Here’s the hard part – new information comes out all the time. I do what I can to keep up with new information, but it is exhausting and frustrating when new information differs from what I thought I knew. All these years and sometimes I feel like I’m at square one. But this is what it is. My kids’ disabilities will change as they age and it’s up to me to seek knowledgeable professionals to weigh in. New information might bring greater insight, a different approach, and most importantly, a greater chance at Jackson becoming fully verbal one day.

About the Author: Crystal Mahany

A proud wife to an Army Aviator, Crystal has served the military community in many capacities over the last 21+ years and is committed to serving until and beyond her soldier’s retirement. She strongly believes in serving military families and the surrounding community at each duty station.

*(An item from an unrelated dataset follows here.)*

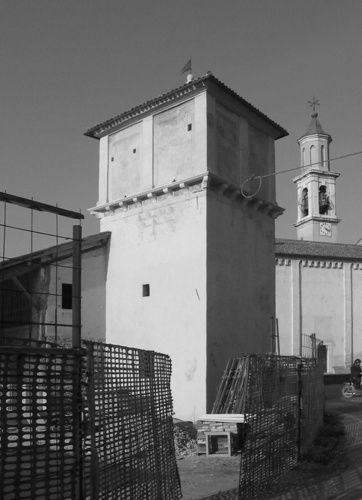 - Descrizione: Affreschi sulla torre colombara che rappresentano paesaggi in cornici color ocra.
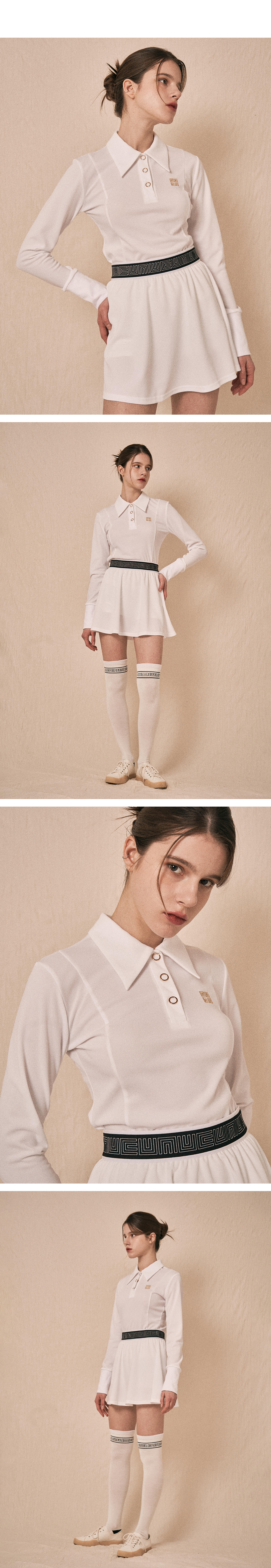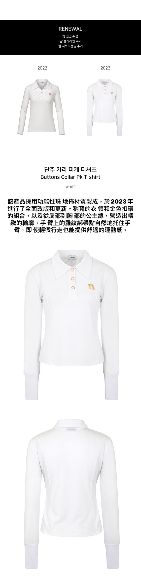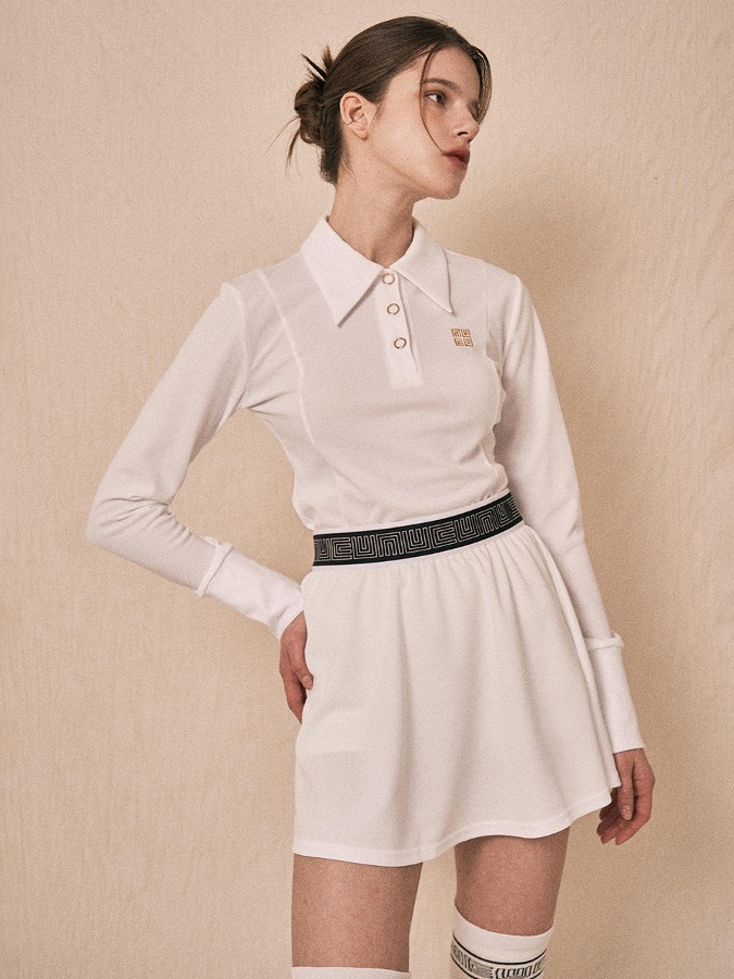 女 304M 正韓設計師 低調奢華風格 復古大領Polo衫長袖/高爾夫球衣(白色)

In 2014, doctors diagnosed her oldest son with a rare speech disorder and Autism. Two years later, they diagnosed her youngest son with the same speech disorder. These diagnoses thrust her family into the Special Needs and Special Education community. Driven by her passion to help, Crystal returned to school and focused her research on Civil Rights, Disability Rights, and Special Education Law.

Crystal has worked as a paralegal, advocate, and legal analyst in Special Education Law, facilitated panel discussions on protecting the most vulnerable, and taught courses on Special Education as a Civil Right, the importance of the 10th Amendment, and Disability as a Tenet of Diversity. She has been with Partners In PROMISE since its founding and currently serves as the Research Editor, Legal Analyst, and Parent Mentor. Crystal is deeply committed to policy changes to advance education policy and Disability Rights and works as Adjunct Faculty at The George Washington University.